The "most staggering" statistic, he said, is that "on March 20, 29% of the Lower 48 saw heat made [more than five times] more likely by our warming atmosphere. Put simply: Heat that would be virtually impossible without that fingerprint."
⚠️ Most staggering stat:
On March 20, 29% of the lower 48 saw heat made 5x+ more likely by our warming atmosphere.
Put simply: heat that would be virtually impossible without that fingerprint.
Largest climate-influenced area on record since at least 1970 pic.twitter.com/1Nsjvpj5jX
— Shel Winkley (@shelwinkleywx) April 9, 2026
Winkley told The Associated Press that "what we experienced in March across the United States was unprecedented," while Yale Climate Connections meteorologist Jeff Masters said that the new batch of broken records "tells us that climate change is kicking our butts."
The "January through March period was the driest on record for the contiguous US. So not only was it hot, it was record dry as well," Masters said. "And that's a bad combination for water availability, for agriculture, for river levels, for navigation."
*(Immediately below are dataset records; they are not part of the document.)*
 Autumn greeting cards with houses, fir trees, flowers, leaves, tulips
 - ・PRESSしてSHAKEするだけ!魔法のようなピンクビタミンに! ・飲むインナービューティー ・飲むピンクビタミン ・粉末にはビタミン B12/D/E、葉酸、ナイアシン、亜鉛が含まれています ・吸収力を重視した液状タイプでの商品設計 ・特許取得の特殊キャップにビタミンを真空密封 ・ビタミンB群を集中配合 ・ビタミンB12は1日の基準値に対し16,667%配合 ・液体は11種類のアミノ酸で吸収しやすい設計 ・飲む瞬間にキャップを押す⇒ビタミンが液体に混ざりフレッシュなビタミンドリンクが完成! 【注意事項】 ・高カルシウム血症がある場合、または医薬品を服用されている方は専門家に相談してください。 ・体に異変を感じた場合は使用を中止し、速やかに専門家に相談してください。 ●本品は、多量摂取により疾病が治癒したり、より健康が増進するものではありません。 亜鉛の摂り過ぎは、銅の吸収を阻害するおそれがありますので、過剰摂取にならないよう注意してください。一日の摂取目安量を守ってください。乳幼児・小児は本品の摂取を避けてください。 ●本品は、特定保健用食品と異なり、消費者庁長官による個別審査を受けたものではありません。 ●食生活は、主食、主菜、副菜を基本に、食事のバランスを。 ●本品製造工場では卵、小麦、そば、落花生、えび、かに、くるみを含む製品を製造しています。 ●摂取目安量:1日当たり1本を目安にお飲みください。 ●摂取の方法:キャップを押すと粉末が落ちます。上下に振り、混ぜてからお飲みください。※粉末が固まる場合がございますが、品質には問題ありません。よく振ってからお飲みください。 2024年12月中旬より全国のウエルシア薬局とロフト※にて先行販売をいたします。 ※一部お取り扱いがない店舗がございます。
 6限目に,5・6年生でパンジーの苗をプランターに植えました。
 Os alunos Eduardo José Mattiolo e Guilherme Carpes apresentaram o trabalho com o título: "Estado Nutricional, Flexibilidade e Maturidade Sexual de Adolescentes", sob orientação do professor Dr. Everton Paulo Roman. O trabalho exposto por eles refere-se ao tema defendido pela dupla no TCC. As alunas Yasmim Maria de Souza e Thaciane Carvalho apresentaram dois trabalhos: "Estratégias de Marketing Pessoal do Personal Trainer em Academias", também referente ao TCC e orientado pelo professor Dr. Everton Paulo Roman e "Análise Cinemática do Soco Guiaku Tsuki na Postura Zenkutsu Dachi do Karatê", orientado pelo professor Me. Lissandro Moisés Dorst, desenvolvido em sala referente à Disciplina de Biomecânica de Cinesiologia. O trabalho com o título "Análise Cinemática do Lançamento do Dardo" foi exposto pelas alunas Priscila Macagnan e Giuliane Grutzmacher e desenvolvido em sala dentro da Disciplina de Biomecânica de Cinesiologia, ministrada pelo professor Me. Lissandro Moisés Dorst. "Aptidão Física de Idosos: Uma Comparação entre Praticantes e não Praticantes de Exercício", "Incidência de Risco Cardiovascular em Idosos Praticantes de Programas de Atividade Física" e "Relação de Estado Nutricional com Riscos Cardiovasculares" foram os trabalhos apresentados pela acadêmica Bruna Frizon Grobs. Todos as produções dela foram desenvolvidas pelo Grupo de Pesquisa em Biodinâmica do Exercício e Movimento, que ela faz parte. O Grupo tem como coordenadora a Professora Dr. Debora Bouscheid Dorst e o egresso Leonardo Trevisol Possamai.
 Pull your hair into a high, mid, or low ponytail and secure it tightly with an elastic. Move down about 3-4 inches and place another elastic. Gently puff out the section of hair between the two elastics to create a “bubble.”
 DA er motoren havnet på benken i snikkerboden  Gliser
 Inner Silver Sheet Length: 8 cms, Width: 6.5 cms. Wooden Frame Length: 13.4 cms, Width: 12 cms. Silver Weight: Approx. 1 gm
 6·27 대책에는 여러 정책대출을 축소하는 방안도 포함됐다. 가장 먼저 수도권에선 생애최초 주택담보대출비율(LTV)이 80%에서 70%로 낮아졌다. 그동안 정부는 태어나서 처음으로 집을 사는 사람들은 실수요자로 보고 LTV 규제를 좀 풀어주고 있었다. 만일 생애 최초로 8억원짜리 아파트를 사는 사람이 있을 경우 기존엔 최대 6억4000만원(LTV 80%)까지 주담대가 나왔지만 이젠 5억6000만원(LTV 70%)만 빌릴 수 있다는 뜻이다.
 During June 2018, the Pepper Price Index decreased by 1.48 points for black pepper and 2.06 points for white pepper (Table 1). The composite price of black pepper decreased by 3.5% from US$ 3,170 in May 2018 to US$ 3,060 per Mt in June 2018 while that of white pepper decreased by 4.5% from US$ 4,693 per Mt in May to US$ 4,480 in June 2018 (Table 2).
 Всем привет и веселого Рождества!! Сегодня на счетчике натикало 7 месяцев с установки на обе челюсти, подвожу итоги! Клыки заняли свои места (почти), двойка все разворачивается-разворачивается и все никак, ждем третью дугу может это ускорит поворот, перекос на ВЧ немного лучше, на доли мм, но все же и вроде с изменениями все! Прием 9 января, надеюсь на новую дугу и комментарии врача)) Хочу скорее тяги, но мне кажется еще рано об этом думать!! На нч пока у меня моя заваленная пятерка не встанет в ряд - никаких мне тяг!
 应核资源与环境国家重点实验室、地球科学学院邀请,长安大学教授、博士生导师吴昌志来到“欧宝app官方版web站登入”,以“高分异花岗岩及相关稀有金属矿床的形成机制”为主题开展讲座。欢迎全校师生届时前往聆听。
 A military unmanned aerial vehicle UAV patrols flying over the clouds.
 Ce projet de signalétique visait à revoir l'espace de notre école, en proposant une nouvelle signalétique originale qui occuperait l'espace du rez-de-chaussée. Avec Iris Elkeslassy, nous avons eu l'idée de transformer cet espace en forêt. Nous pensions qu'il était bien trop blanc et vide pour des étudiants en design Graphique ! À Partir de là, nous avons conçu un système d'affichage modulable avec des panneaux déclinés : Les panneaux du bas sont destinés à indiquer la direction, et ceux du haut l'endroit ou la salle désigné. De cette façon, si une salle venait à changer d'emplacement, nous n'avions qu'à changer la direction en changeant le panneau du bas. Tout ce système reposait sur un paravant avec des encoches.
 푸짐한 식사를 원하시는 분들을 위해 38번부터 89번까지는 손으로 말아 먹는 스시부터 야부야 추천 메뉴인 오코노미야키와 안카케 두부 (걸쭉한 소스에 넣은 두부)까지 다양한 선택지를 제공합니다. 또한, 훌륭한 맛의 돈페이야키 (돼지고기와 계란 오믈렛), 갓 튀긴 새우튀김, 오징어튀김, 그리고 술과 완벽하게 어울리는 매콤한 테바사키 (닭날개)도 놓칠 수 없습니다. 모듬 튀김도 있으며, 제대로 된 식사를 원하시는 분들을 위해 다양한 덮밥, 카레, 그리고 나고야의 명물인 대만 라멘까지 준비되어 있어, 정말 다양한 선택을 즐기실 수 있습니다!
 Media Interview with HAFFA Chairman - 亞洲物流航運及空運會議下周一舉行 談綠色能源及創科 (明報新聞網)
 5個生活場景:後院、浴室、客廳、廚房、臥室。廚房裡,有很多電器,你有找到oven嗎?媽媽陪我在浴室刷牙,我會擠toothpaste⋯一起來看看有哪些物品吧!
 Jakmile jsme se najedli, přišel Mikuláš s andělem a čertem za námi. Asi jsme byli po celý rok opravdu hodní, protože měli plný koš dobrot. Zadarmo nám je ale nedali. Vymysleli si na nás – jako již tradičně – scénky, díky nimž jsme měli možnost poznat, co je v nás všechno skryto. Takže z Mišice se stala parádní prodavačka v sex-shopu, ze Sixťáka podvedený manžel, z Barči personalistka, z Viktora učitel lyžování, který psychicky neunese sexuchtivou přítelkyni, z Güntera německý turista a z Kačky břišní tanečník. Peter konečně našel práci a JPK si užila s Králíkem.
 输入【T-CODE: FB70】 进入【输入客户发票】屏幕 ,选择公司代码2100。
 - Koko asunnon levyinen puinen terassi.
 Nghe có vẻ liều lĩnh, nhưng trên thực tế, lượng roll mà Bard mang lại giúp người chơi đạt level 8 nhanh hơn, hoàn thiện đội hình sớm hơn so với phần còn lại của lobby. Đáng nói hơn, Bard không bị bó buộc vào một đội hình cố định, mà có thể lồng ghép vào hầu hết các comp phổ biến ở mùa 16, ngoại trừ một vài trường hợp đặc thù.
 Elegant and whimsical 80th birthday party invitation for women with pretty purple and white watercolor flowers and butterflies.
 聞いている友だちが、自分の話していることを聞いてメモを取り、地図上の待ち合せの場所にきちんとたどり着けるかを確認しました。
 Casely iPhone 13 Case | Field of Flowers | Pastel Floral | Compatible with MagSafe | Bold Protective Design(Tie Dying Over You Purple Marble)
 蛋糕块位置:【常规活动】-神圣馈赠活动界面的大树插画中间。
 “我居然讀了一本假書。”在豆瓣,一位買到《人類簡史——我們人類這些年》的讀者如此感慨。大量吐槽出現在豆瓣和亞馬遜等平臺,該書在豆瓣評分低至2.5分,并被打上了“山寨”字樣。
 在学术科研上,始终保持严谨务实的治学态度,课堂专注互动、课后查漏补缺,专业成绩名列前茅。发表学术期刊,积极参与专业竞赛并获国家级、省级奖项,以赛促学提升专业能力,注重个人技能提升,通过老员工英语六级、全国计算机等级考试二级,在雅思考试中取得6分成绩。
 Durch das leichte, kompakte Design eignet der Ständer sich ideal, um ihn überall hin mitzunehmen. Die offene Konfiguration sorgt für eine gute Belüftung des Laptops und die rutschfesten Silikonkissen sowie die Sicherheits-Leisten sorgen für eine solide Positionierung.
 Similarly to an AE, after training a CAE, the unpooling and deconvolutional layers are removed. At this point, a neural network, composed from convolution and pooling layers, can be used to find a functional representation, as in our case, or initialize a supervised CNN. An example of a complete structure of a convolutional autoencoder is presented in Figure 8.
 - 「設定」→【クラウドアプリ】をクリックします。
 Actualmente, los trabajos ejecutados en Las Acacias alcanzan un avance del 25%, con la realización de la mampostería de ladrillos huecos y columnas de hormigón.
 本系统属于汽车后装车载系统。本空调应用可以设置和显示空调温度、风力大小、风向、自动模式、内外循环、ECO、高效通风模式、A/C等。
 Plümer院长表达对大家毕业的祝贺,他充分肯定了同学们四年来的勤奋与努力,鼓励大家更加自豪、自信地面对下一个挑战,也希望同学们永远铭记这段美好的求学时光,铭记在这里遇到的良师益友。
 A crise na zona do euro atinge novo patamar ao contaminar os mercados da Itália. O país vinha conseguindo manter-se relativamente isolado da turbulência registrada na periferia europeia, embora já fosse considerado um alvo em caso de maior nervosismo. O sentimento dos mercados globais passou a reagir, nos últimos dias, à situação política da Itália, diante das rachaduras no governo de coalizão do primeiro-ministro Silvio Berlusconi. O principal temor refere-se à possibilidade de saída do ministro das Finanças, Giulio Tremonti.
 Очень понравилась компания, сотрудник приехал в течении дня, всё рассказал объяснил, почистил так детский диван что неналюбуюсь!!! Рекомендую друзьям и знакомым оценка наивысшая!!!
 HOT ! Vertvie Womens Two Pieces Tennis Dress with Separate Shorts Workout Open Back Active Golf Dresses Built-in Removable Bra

Looking ahead, NOAA warned that "drought is expected to persist and expand across much of the interior West, Southwest, Rockies, and High Plains, as well as parts of the South, Southeast, and Mid-Atlantic... Significant wildland fire potential is above normal across portions of the Southwest, southern Plains, and central High Plains, and much of the Deep South and Southeast."
The AP also pointed out that both the US agency and Europe's Copernicus are "forecasting a 'super' strong El Niño to form in a few months and intensify into the winter. Meteorologists expect that to increase already warm temperatures across the globe, likely pushing past the hottest year mark set by 2024."
Already, as governments across the globe, including the Big Oil-backed Trump administration, refuse to take the actions that the scientific community argues are necessary to address the climate emergency—most notably, swiftly shift away from planet-warming fossil fuels—humanity is contending with deadly conditions during heatwaves.
For a study published last month in the journal Nature Communications, researchers examined heatwaves in Mecca, Saudi Arabia (2024); Bangkok, Thailand (2024); Phoenix, Arizona, the United States (2023); Mount Isa, Australia (2019); Larkana, Pakistan (2015); and Seville, Spain (2003). During each, they found spans of "nonsurvivable" conditions for people ages 65 and older in direct sun.
"My first thought was, 'Oh shit'—I really didn't expect to see that, especially when you zoom in to individual cities," Sarah Perkins-Kirkpatrick, the study's lead author and a professor at the Australian National University, told The Guardian in reporting published Wednesday. "If it's already happening now, then what does a future that is two or three degrees warmer hold?"
Sharing the report on social media, Bill McGuire, a volcanologist and emeritus professor at University College London, said, "As some of us have been saying for quite a while, dangerous climate breakdown is already here, and killing people—now, today."